Die nächsten Tage verbringe ich zuhause mit dem Sichten und Bearbeiten meiner Bilder in Lightroom. Die Fotos importiere ich nicht von den fünf Speicherkarten, sondern vom iPad mini. Wie immer habe ich grosse Mühe, eine Auswahl zu treffen. Mehr als 850 Fotos habe ich gemacht! Und es hat sich gelohnt. Hauptsächlich wegen der vielen Apollo-Bilder. Aber nicht nur, ich denke da an den Segelfalter, den Violetten Feuerfalter und, und, und.

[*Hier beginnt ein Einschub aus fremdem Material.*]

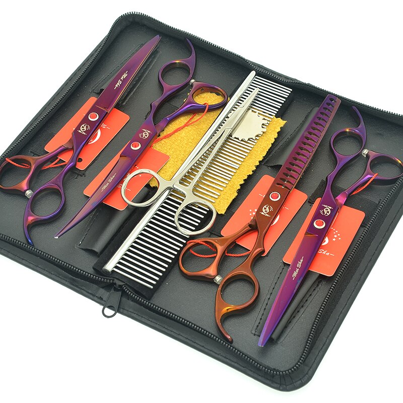 Meisha 7" Pet Grooming Shears Set Animal Straight& Thinning & Curved Scissors with Comb Bag Dog Accessories HB0233
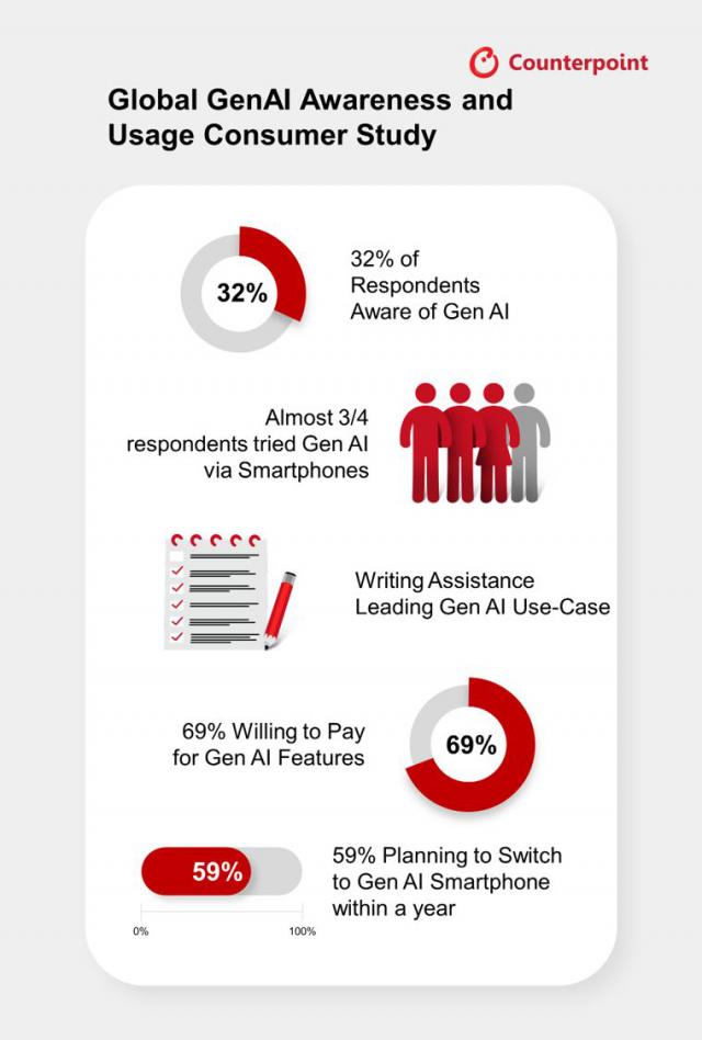 IT 世家 12 月 24 日消息,市场调查机构 Counterpoint Research 最近的调查显示,生成式 AI(Gen AI)智能手机市场格局正在迅速改变。消费者对 AI 功能性手机兴趣浓厚,尤其是美国市场,这预示着 Gen AI 移动电话的普及浪潮即将到来。
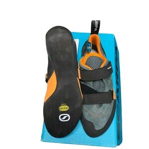 Dynamic climbing shoes with a black and gray base. Bright orange accents for style. Ideal for climbers.
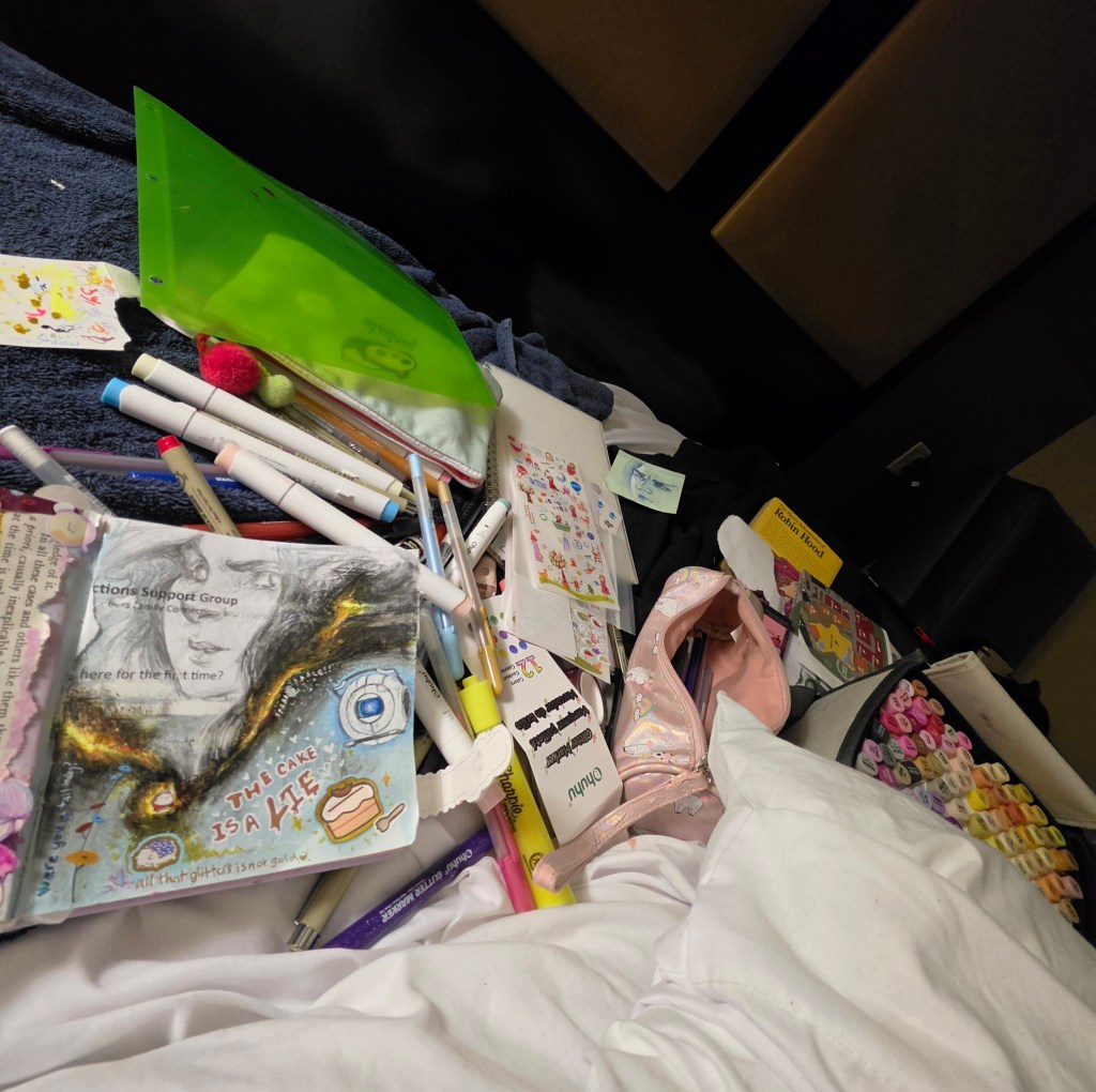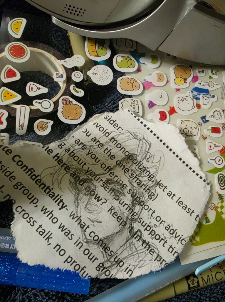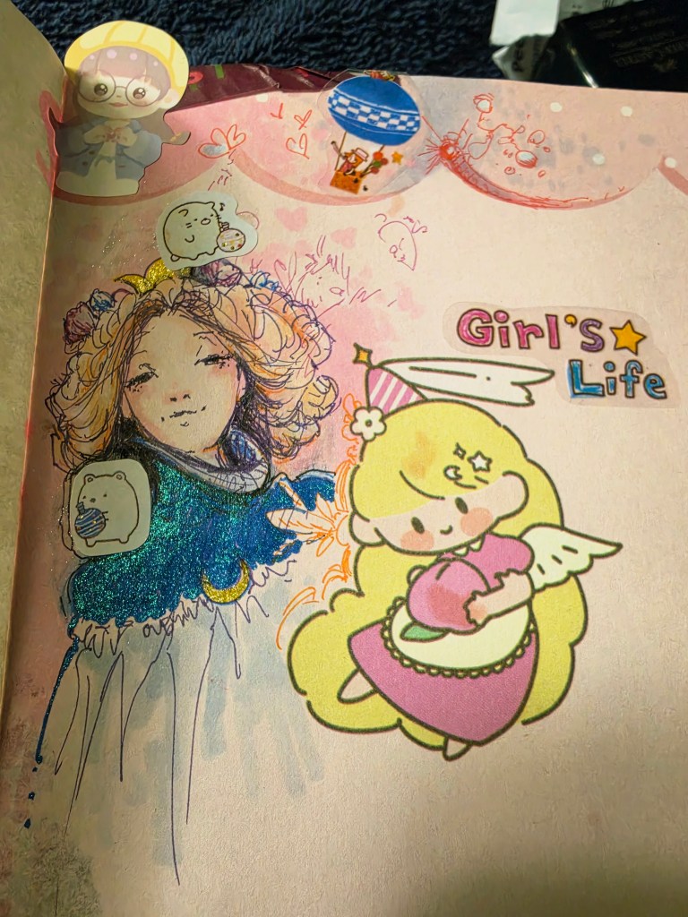 I’ve had the urge to do some scrapbooking in my sketchbook – this way if the marker shows through the thin paper, I can add a collage element 🤓.
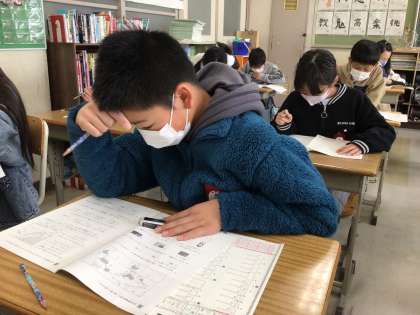 四科目めは、社会でした。この写真は、5年2組の様子です。
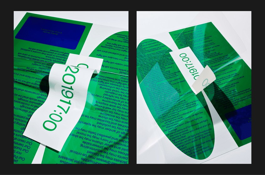 The invitations were accompanied by a transparent plastic envelope in which was placed the invitation flyer for the evening, featuring the address, dates and a text composed by experimental poet Steve Savage.
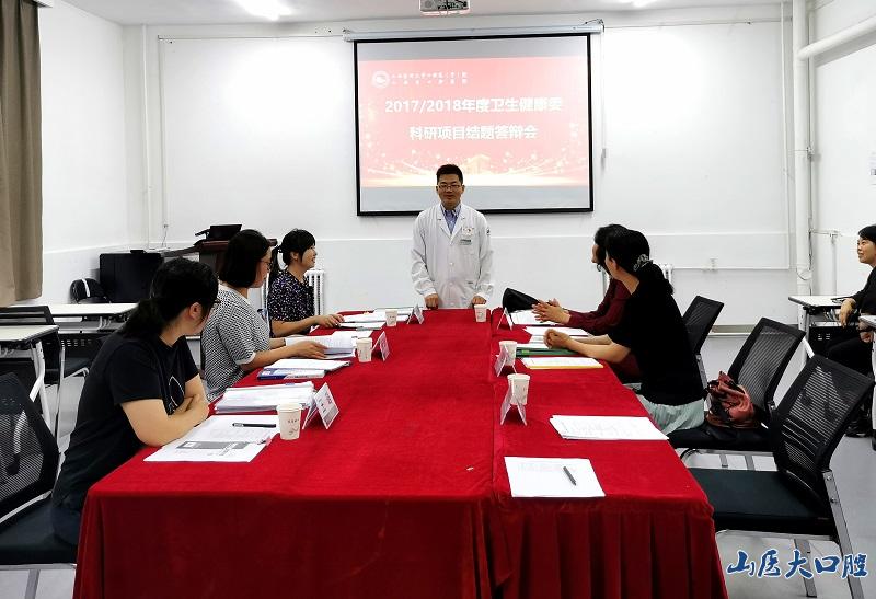为进一步规范我院科研管理工作,切实推动科研工作发展,2021年6月30日上午,我院2017及2018年度山西省卫生健康委员会科研课题结题答辩会在口腔科教楼顺利召开。答辩会特邀万象城体育awcsport科技处副处长陆利教授担任评审组组长、万象城体育awcsport公共卫生学院路小婷副教授、万象城体育awcsport第一医院孙晓军副教授、我院余飞燕副教授以及王璐博士担任评委,我院党委副书记、副院长李冰教授主持答辩会议。
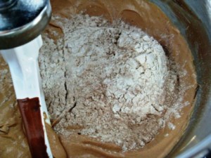 En un tazón cernir la harina junto con la gelatina, cocoa, polvo de hornear, bicarbonato y sal. Agregar esta mezcla al batido en tres tandas.
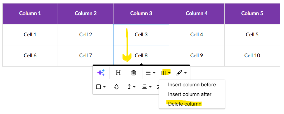 To delete a single Column, select two or more cells in the column that you want to delete. The table toolbar will appear. Click the Column icon. Select Delete column.
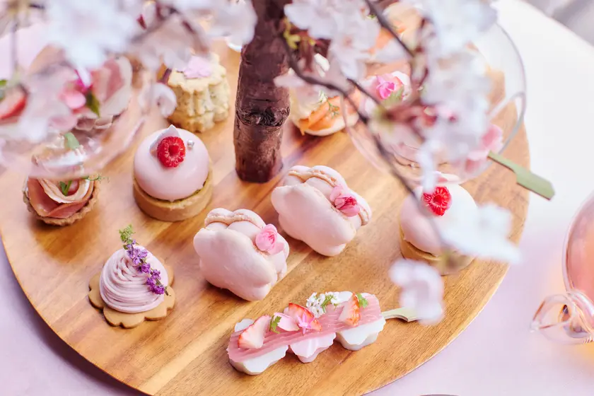 桜の木のスタンドを彩るように盛られた華やかな小菓子やセイボリーや、新登場の桜と団子のパルフェ、世界のお茶専門店「ルピシア」との共同開発による季節限定のフレーバードティー「OHANAMI」を、花咲くカーペットを眺めながら楽しめる春だけの特別メニューです。日々の忙しさや疲れを忘れさせてくれる、贅沢なひとときを過ごすことができます。
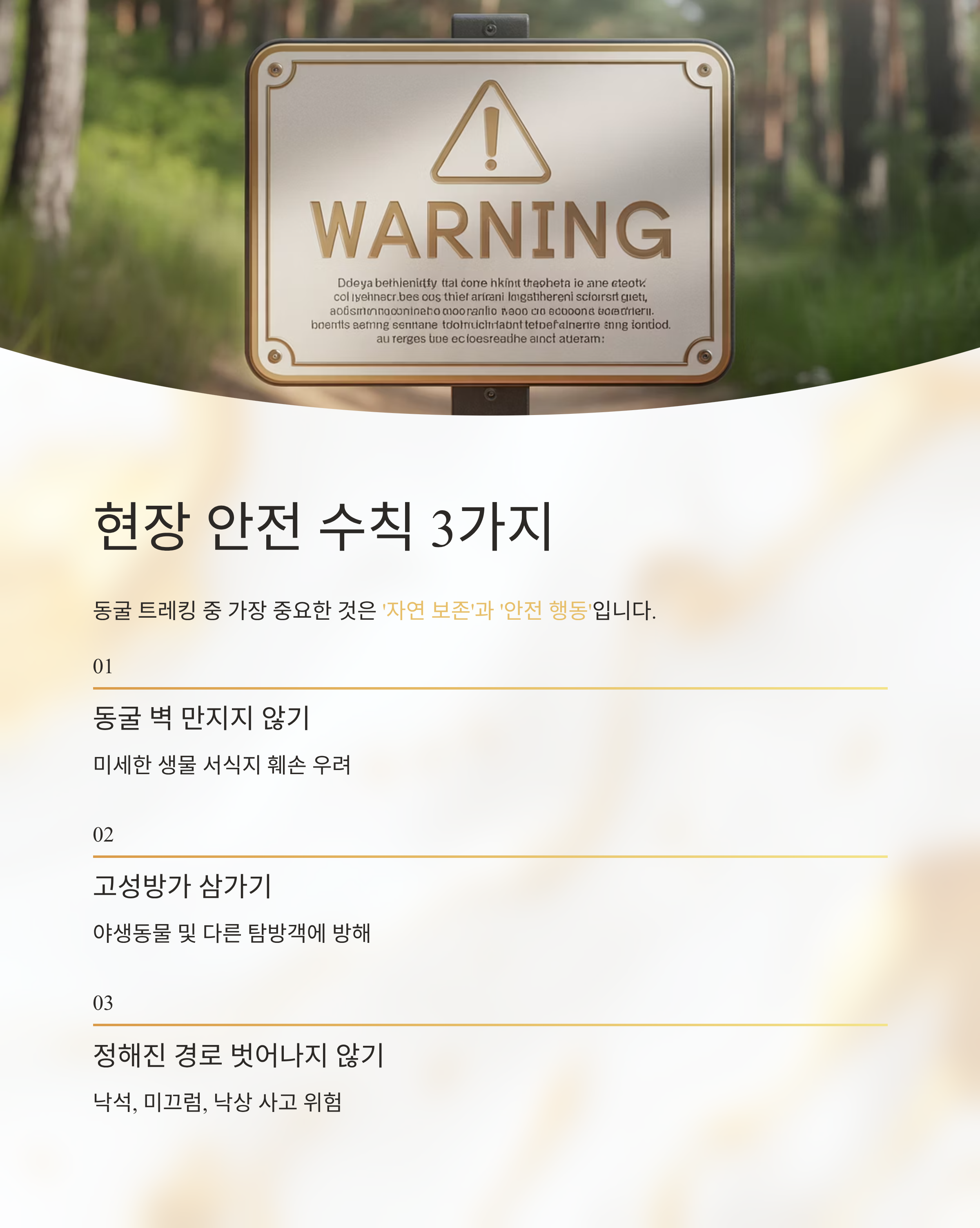 동굴 트레킹 중 가장 중요한 것은 **‘자연 보존’과 ‘안전 행동’**입니다.
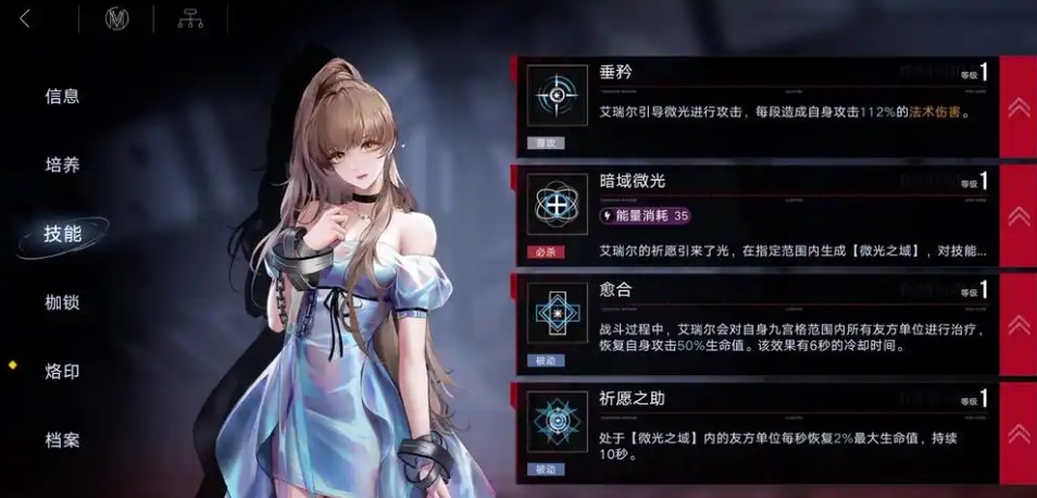 升级提升幅度不是很大,技能需要引导三秒,每零点六秒治疗一次,必杀在前期一般一级就够用,足够在三秒时间内把残血队友给抬满,必杀是她最重要的治疗技能。被动一愈合很好弥补了艾瑞尔必杀真空期较长的缺点,虽然治疗幅度不高,但在一些持续掉血的关卡有着关键作用,尽量让她站在队形中间,其他角色包围她能最大程度发挥该被动的优势。被动二祈愿之助是出于必杀范围内的队友每秒会额外回复百分之二到三最大生命值的治疗效果,召唤物也能吃到该加成。
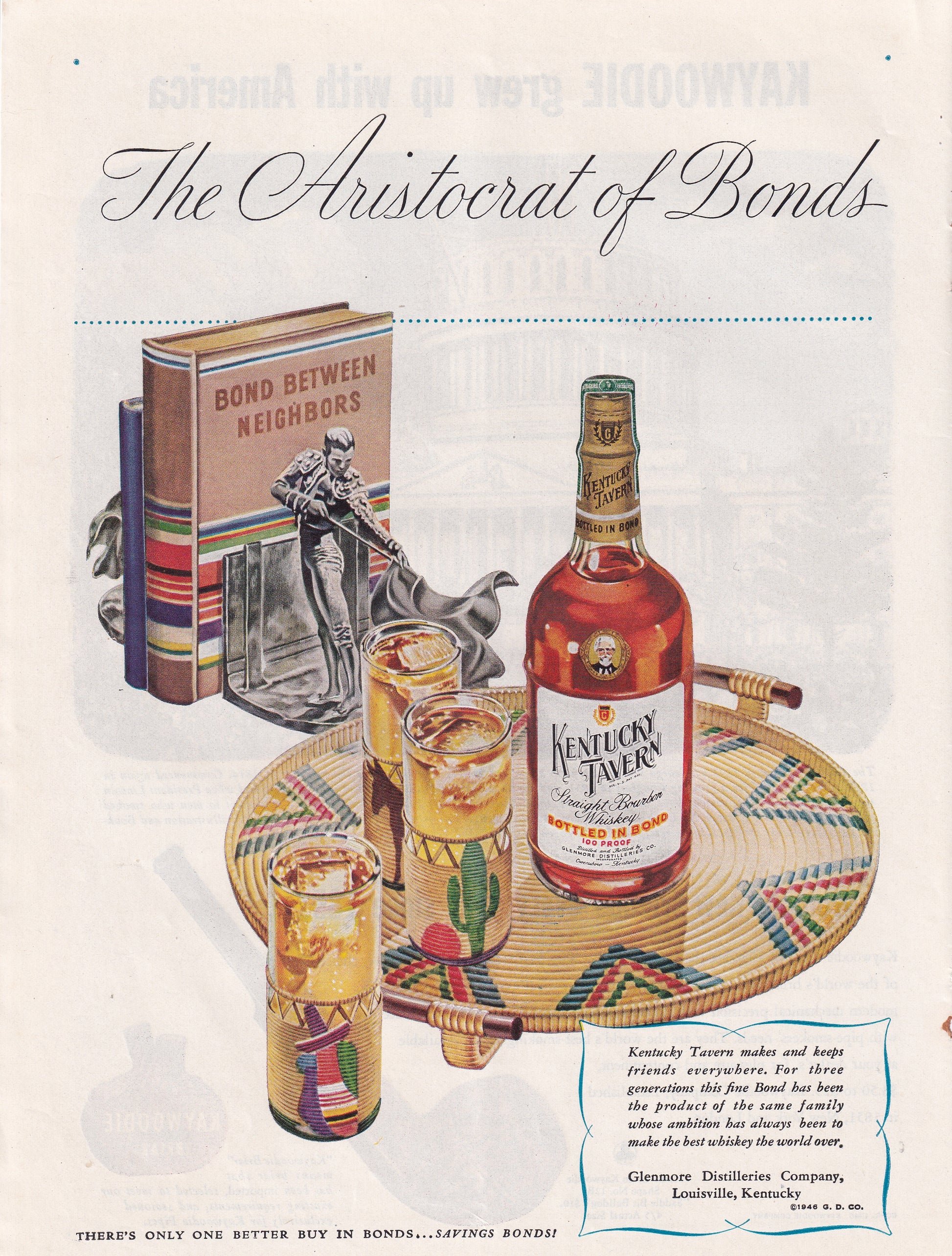 1946 Original Vintage Magazine Ad - Rare Americana - Kentucky Tavern Whiskey Aristocrat of Bonds Books on Shelf
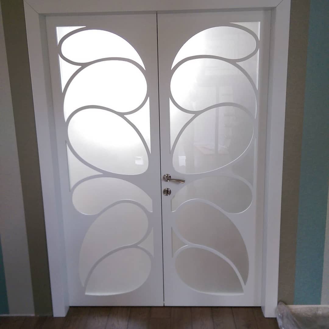 Например, оригинально смотрится дизайн дверей 2024 когда более широкая «глухая» створка сочетается со створкой, украшенной стеклянной вставкой.
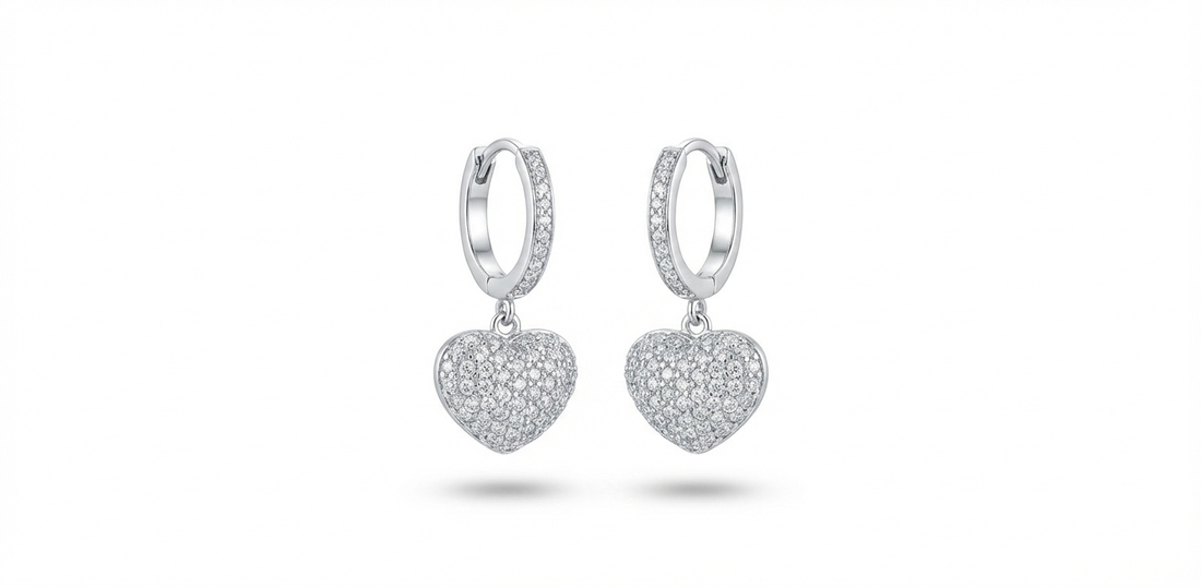 Brinco argola delicado em prata 925 com pingente de coração cravejado em zircônios brancos. Peça...

Schliesslich schaffe ich es, mich für die Publikation auf meiner Website auf 100 Bilder zu beschränken. Bearbeitet habe ich aber einige mehr, denn manchmal braucht es das, bis klar ist, ob ein Bild brauchbar ist. Manche Bilder behalte ich zu Dokumentationszwecken, zum Beispiel, wenn es das einzige Bild einer neuen Art ist, auch wenn es nicht so scharf und freigestellt ist, wie man es gerne hätte. Beim Bearbeiten achte ich darauf, es nicht zu übertreiben, weder mit dem Schärfen noch mit der Sattheit der Farben. Hingegen scheue ich mich nicht, störende Elemente wie dürre Grashalme oder anderes, was den Blick vom Schmetterling ablenkt, zu entfernen. Da bin ich froh, dass ich bei ein paar Bildern schon an Ort und Stelle mit meiner kleinen Schere solche Sachen entfernen konnte. Das ging natürlich nur in Situationen, wo der Schmetterling nicht gleich wegflattern konnte.

Das Stativ wollte ich eigentlich mitnehmen, habe es dann aber doch zu Hause gelassen. Es gab zwei Situationen, wo ich es hätte einsetzen können: Am frühen Morgen bei dem schlafenden Schachbrett und dann auch beim Apollo. Aber beide waren so nahe am Boden, dass es mit meinem Stativ mühsam gewesen wäre, es aufzustellen. Ich werde mich mal umsehen, ob es für meinen speziellen Anwendungsbereich etwas Kleineres, Besseres gibt. Allerdings ist mir das Hantieren mit dem Stativ eigentlich zu langsam und zu kompliziert.

Überhaupt bin ich eher faul beim Fotografieren, meist denke ich nicht mal daran, die Blende zu verstellen. Wers nicht glaubt, kann nachsehen, bei fast allen meinen Fotos hatte ich Blende f/9.

Wenn es einen Preis gäbe für den "Laziest Photographer", ich würde ihn gewinnen! Aber auch den Preis "Most dedicated to butterflies"... Darum liebt mich die Göttin der Schmetterlinge - und Apollo ist ihr Prophet.